----- Task input -----

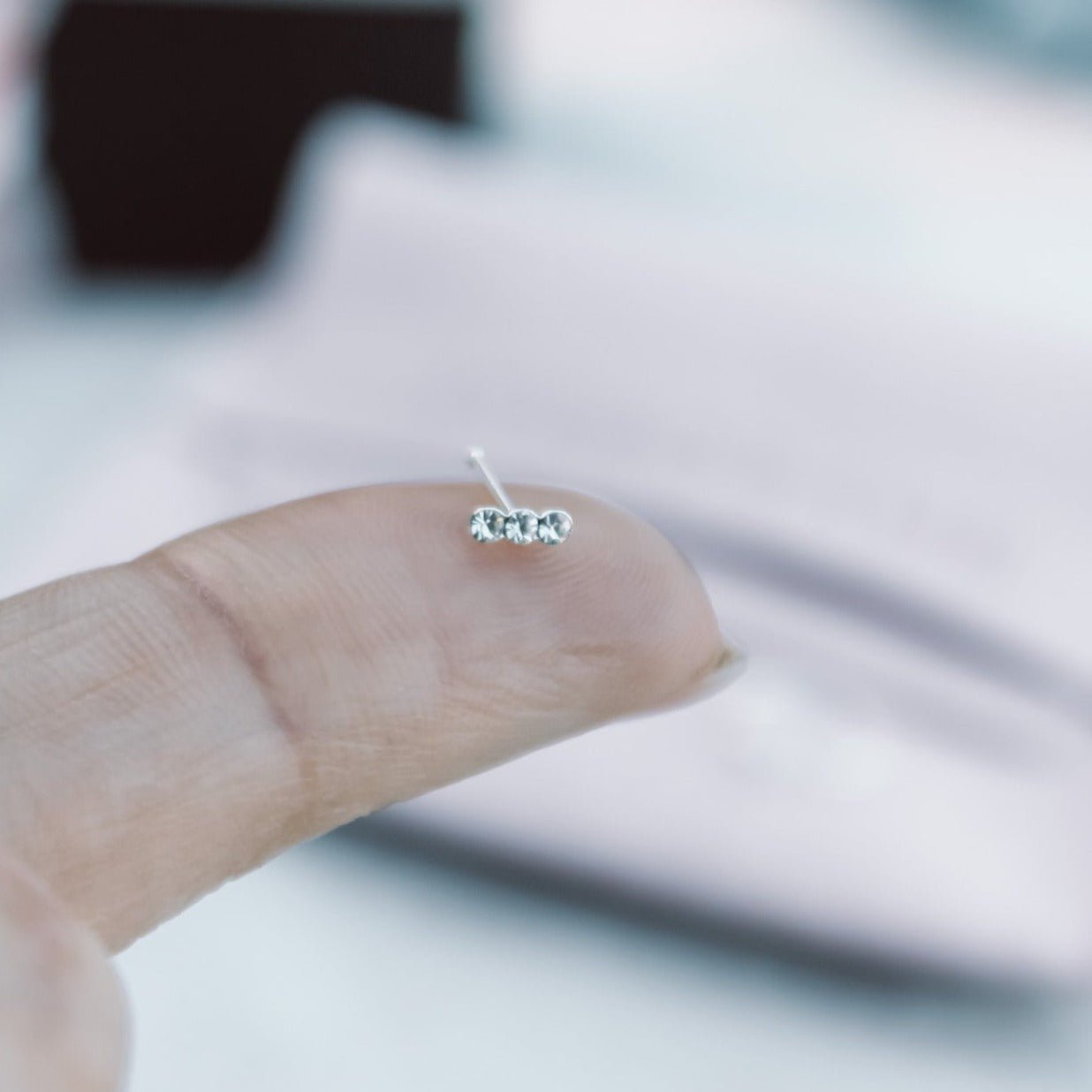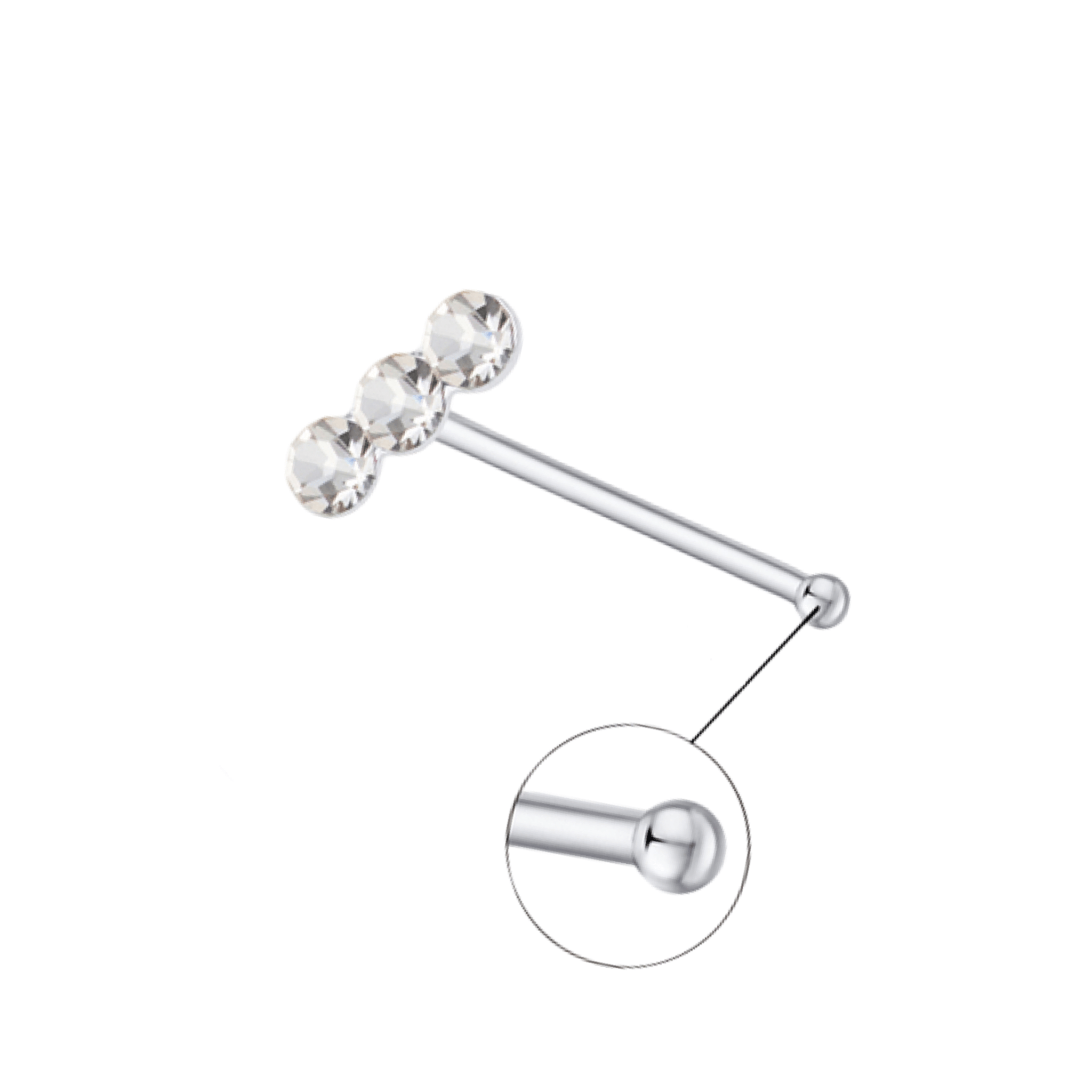Piercing para nariz, con diseño de tres mini cristales, fabricado en plata de ley 925. Fácil de poner y quitar, ligero y cómodo de llevar.
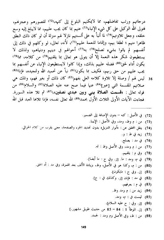 درجاتهم ورتب تفاضلهم، مما لا يمكنهم البلوغ إلى كنهه، لقصورهم وعجزهم، فتولى الله الوكيل على كل شيء الإنباء عنهم بما كان يجب عليهم، مما لا يبلغ إليه وسع خلقه، وجعل تلاوتهم لما أنبأ به على ألسنتهم نازلا لهم منزلة أن لو كان ذلك النطق ظاهراً منهم؛ لطفا بهم، وإتماما للنعمة عليهم، لأنه، تعالى، لو وكلهم في ذلك إلى أنفسهم لم يأتوا بشيء تصلح به أحوالهم في دينهم ودنياهم، ولذلك لا يستطيعون شكر هذه النعمة إلا أن يتولى هو تعالى بما يلقنهم من كلامه، مما يكون أداء لحق فضله عليهم بذلك، وإذا كانوا لا يستطيعون الإنباء عن أنفسهم بما يجب عليهم من حق ربهم، فكيف بما يكون نبأ عن تحميد الله وتمجيده، فإذا ليس لهم وصلة إلا تلاوة كلامه العلي بفهم كان ذلك أو بغير فهم، وتلك هي صلاتهم المقسمة التي [عبر] عنها فيما صح عنه عليه الصلاة والسلام من قوله تعالى: "قسمت الصلاة بيني وبين عبدي نصفين"، ثم تلا هذه السورة. فجاءت الآيات الأولى الثلاث الأول بحمد الله تعالى نفسه، فإذا تلاها العبد قبل الله
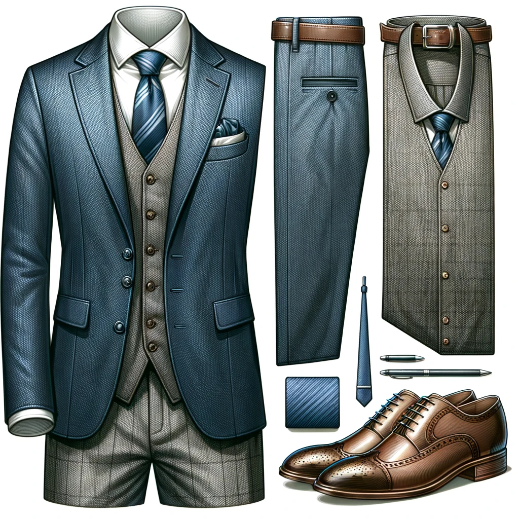 전형적으로 재킷(코트)과 같은 색상과 소재의 바지로 구성되며, 때로는 조끼(베스트)가 포함되기도 합니다.
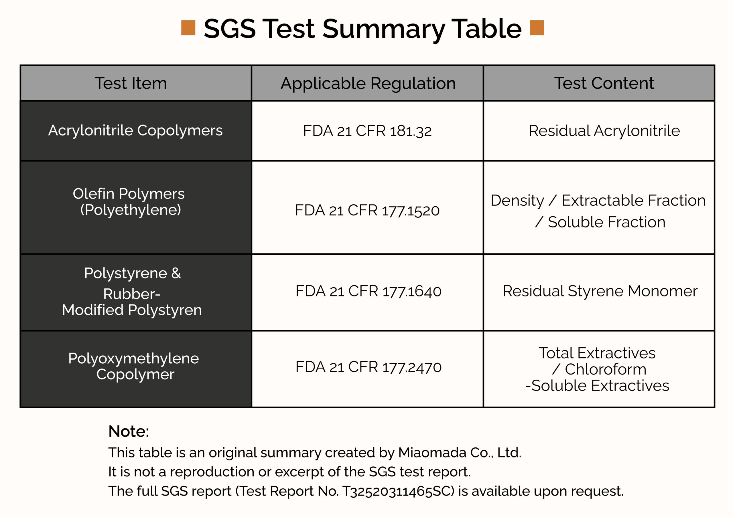 To ensure safety for daily use, all food-contact components were tested by SGS (July 2025). The materials passed U.S. FDA food-contact requirements (21 CFR 181.32, 177.1520, 177.1640, and 177.2470), confirming food-contact safety for everyday use. Testing was conducted by SGS Hong Kong.
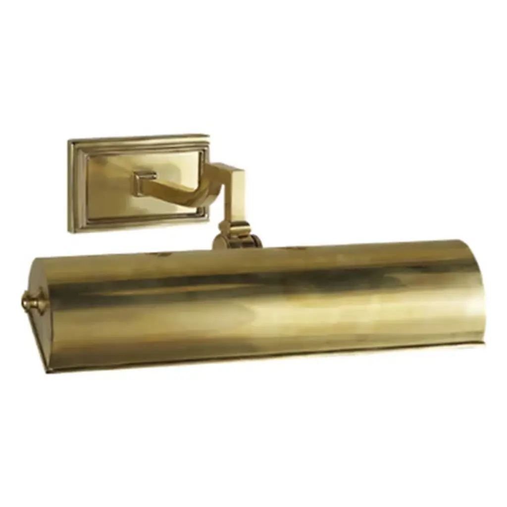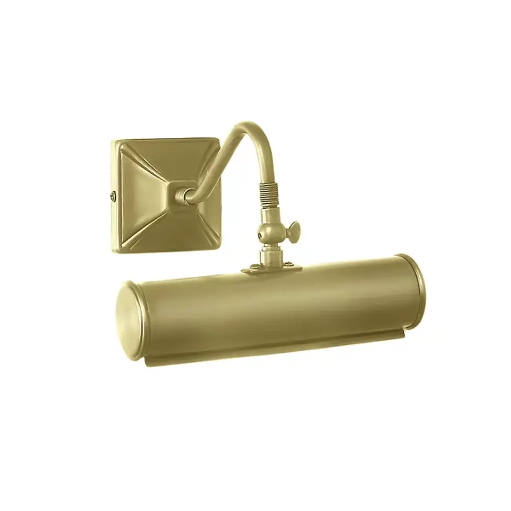The Leo Picture Light from Lucas McKearn defines one’s wall-hung pictures with even lighting and an understated design. This transitional piece gives off an antique style through its hardware detailing. Mounting with a beveled backplate, a slender arm comes forward with a joint mechanism that allows the lamp head to tilt up and down. While lit, the long lamp head eliminates glare while giving a clean, soft glaze to one’s framed art pieces.
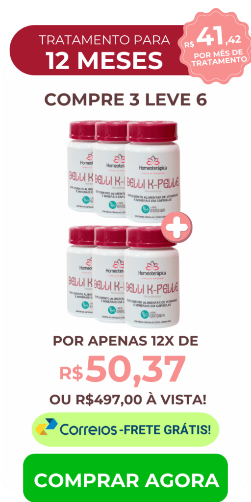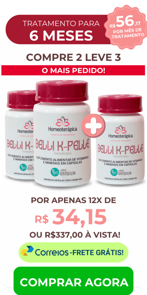 Belli K-Pelle contém Biotina e Zinco, que fortalecem os folículos capilares, reduzindo a queda e promovendo o crescimento saudável dos fios.
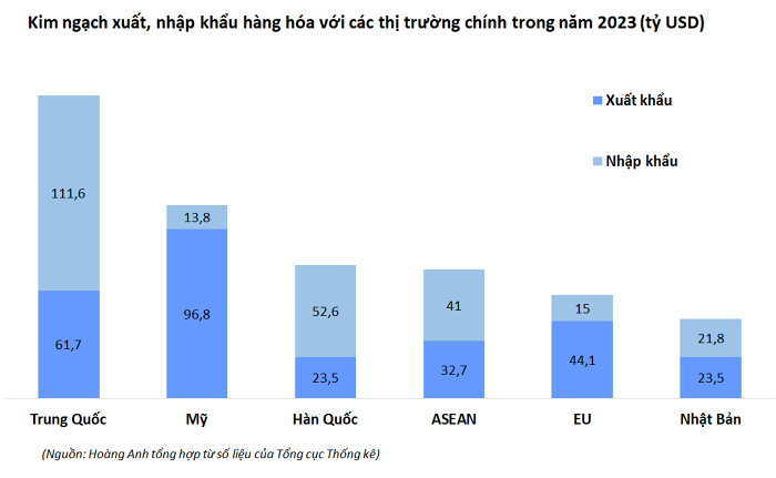 Năm 2023, Mỹ là thị trường xuất khẩu lớn nhất của Việt Nam với kim ngạch ước đạt 96,8 tỷ USD. Trung Quốc là thị trường nhập khẩu lớn nhất của Việt Nam với kim ngạch ước đạt 111,6 tỷ USD.

-----

What you need to do: If an entry above contains a picture, leave that picture out and copy everything else exactly.

Completed exercise:
Piercing para nariz, con diseño de tres mini cristales, fabricado en plata de ley 925. Fácil de poner y quitar, ligero y cómodo de llevar.
 درجاتهم ورتب تفاضلهم، مما لا يمكنهم البلوغ إلى كنهه، لقصورهم وعجزهم، فتولى الله الوكيل على كل شيء الإنباء عنهم بما كان يجب عليهم، مما لا يبلغ إليه وسع خلقه، وجعل تلاوتهم لما أنبأ به على ألسنتهم نازلا لهم منزلة أن لو كان ذلك النطق ظاهراً منهم؛ لطفا بهم، وإتماما للنعمة عليهم، لأنه، تعالى، لو وكلهم في ذلك إلى أنفسهم لم يأتوا بشيء تصلح به أحوالهم في دينهم ودنياهم، ولذلك لا يستطيعون شكر هذه النعمة إلا أن يتولى هو تعالى بما يلقنهم من كلامه، مما يكون أداء لحق فضله عليهم بذلك، وإذا كانوا لا يستطيعون الإنباء عن أنفسهم بما يجب عليهم من حق ربهم، فكيف بما يكون نبأ عن تحميد الله وتمجيده، فإذا ليس لهم وصلة إلا تلاوة كلامه العلي بفهم كان ذلك أو بغير فهم، وتلك هي صلاتهم المقسمة التي [عبر] عنها فيما صح عنه عليه الصلاة والسلام من قوله تعالى: "قسمت الصلاة بيني وبين عبدي نصفين"، ثم تلا هذه السورة. فجاءت الآيات الأولى الثلاث الأول بحمد الله تعالى نفسه، فإذا تلاها العبد قبل الله
 전형적으로 재킷(코트)과 같은 색상과 소재의 바지로 구성되며, 때로는 조끼(베스트)가 포함되기도 합니다.
 To ensure safety for daily use, all food-contact components were tested by SGS (July 2025). The materials passed U.S. FDA food-contact requirements (21 CFR 181.32, 177.1520, 177.1640, and 177.2470), confirming food-contact safety for everyday use. Testing was conducted by SGS Hong Kong.
The Leo Picture Light from Lucas McKearn defines one’s wall-hung pictures with even lighting and an understated design. This transitional piece gives off an antique style through its hardware detailing. Mounting with a beveled backplate, a slender arm comes forward with a joint mechanism that allows the lamp head to tilt up and down. While lit, the long lamp head eliminates glare while giving a clean, soft glaze to one’s framed art pieces.
 Belli K-Pelle contém Biotina e Zinco, que fortalecem os folículos capilares, reduzindo a queda e promovendo o crescimento saudável dos fios.
 Năm 2023, Mỹ là thị trường xuất khẩu lớn nhất của Việt Nam với kim ngạch ước đạt 96,8 tỷ USD. Trung Quốc là thị trường nhập khẩu lớn nhất của Việt Nam với kim ngạch ước đạt 111,6 tỷ USD.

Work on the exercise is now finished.